*What you are asked to do*:
Gather, from the listing beneath this task, every line holding the string "with".

*Records for the task*:
■ ■ ■ ■ ■ ■ ■
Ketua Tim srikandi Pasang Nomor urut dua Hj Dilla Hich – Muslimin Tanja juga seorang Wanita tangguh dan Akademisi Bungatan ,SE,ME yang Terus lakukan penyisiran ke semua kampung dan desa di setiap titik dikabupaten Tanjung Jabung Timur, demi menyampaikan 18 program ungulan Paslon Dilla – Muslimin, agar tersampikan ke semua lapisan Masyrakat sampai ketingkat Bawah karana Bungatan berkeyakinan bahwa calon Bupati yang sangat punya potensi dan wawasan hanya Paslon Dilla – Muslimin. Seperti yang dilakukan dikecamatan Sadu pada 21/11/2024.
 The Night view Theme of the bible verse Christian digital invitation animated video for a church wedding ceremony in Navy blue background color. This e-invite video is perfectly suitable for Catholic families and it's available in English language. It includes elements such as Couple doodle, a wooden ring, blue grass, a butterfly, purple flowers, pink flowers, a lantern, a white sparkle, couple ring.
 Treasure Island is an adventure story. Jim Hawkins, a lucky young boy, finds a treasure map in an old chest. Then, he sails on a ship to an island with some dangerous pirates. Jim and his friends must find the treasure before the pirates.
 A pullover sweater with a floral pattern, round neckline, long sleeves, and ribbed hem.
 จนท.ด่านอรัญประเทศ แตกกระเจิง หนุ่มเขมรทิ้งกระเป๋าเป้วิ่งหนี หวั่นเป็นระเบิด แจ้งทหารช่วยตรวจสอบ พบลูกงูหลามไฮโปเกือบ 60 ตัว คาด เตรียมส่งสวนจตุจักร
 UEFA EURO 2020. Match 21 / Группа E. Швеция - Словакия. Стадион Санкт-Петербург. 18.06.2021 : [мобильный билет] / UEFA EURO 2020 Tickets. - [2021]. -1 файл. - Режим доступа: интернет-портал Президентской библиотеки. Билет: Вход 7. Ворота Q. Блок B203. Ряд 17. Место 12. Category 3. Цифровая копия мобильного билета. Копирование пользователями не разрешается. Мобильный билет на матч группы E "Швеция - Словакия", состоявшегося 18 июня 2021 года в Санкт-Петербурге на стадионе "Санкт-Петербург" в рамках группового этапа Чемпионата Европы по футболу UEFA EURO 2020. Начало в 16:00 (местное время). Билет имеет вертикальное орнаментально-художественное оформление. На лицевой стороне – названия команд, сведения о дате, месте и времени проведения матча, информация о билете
■ ■ ■ ■ ■ ■ ■
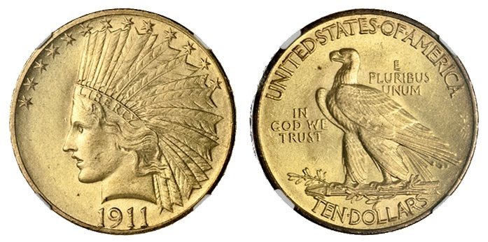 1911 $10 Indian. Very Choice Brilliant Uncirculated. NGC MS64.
■ ■ ■ ■ ■ ■ ■
*Answer*:
 Treasure Island is an adventure story. Jim Hawkins, a lucky young boy, finds a treasure map in an old chest. Then, he sails on a ship to an island with some dangerous pirates. Jim and his friends must find the treasure before the pirates.
 A pullover sweater with a floral pattern, round neckline, long sleeves, and ribbed hem.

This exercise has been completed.